Data extracted from a collection
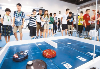 參觀者在北京國際消費電子博覽會上觀看掃地機器人。 陳曉根攝(人民圖片)
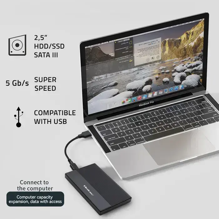 Qoltec Aluminium Enclosure | SSD HDD 2.5'' drive | SATA | USB 3.0 | Super speed 5Gb/s | 2TB | Black
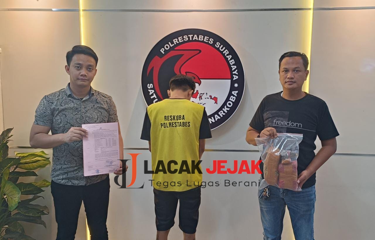 Surabaya Lacakjejak.id – Satnarkoba Polrestabes Surabaya menangkap satu pengedar narkoba jenis, ganja dan pil koplo di depan rumah Jalan Ubi Jagir Wonokromo Kota Surabaya.
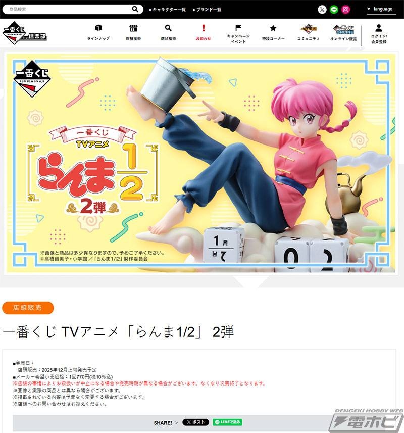 BANDAI SPIRITS ロト・イノベーション事業部の公式サイト「一番くじ倶楽部」にて、「一番くじ TVアニメ『らんま1/2』2弾」ページが公開。2025年12月上旬発売予定と発表されました。フィギュア画像もお披露目!
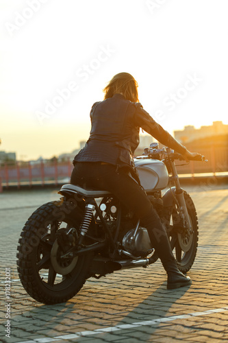 © Kaponia Aliaksei, Fototapeta premium Rowerzysta Kobieta na motocyklu
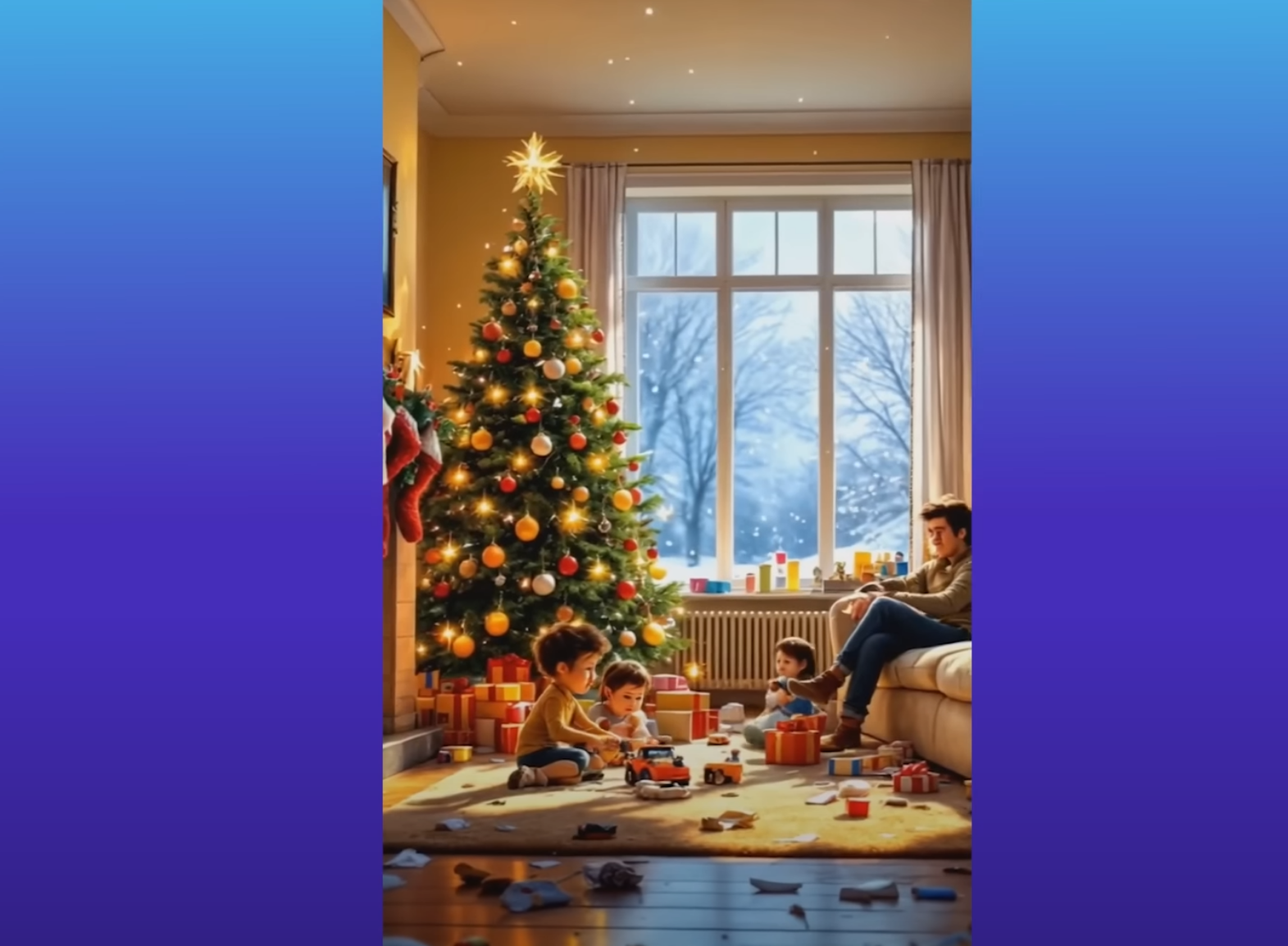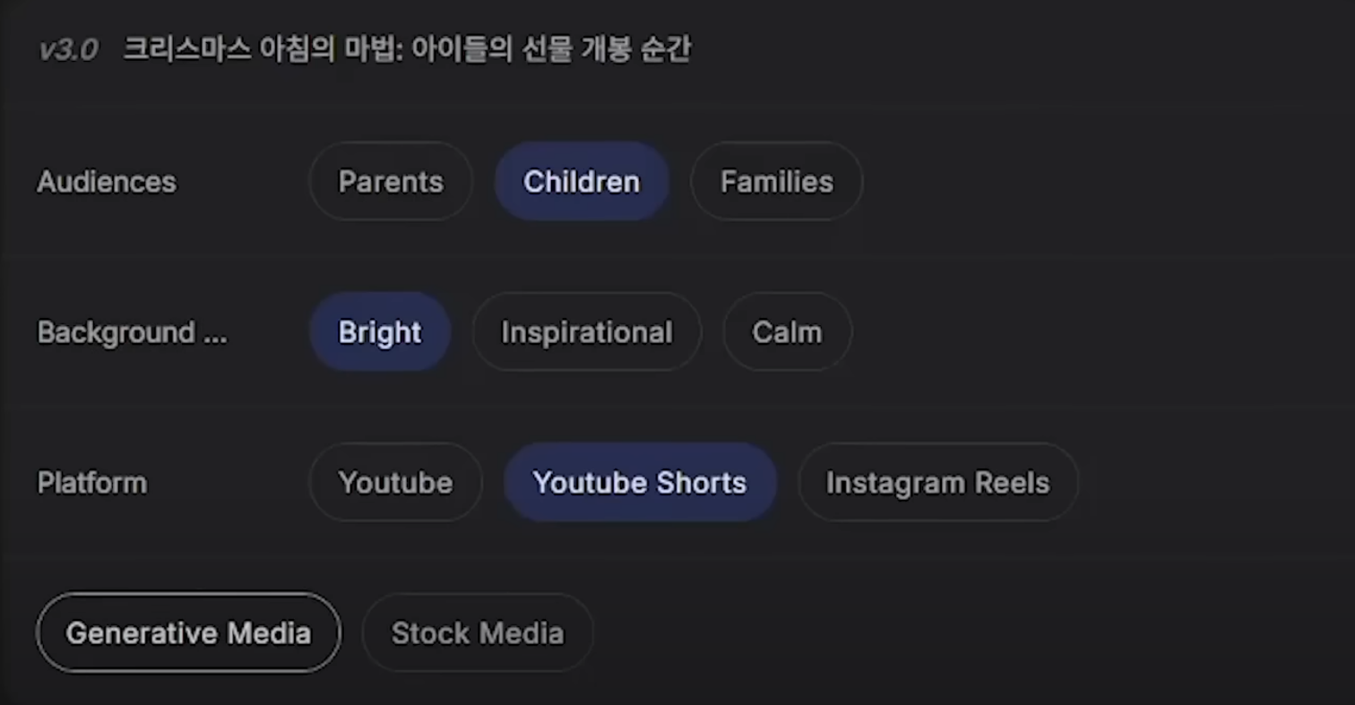 - 프롬프트 입력: "크리스마스 아침에 트리 아래 선물을 열어보는 아이들의 모습"을 입력하고, 영상 길이와 형식을 지정합니다.

» Exercise description: Take the entries shown above and quote them verbatim, passing over the pictures.

» Exercise answer:
 參觀者在北京國際消費電子博覽會上觀看掃地機器人。 陳曉根攝(人民圖片)
 Qoltec Aluminium Enclosure | SSD HDD 2.5'' drive | SATA | USB 3.0 | Super speed 5Gb/s | 2TB | Black
 Surabaya Lacakjejak.id – Satnarkoba Polrestabes Surabaya menangkap satu pengedar narkoba jenis, ganja dan pil koplo di depan rumah Jalan Ubi Jagir Wonokromo Kota Surabaya.
 BANDAI SPIRITS ロト・イノベーション事業部の公式サイト「一番くじ倶楽部」にて、「一番くじ TVアニメ『らんま1/2』2弾」ページが公開。2025年12月上旬発売予定と発表されました。フィギュア画像もお披露目!
 © Kaponia Aliaksei, Fototapeta premium Rowerzysta Kobieta na motocyklu
 - 프롬프트 입력: "크리스마스 아침에 트리 아래 선물을 열어보는 아이들의 모습"을 입력하고, 영상 길이와 형식을 지정합니다.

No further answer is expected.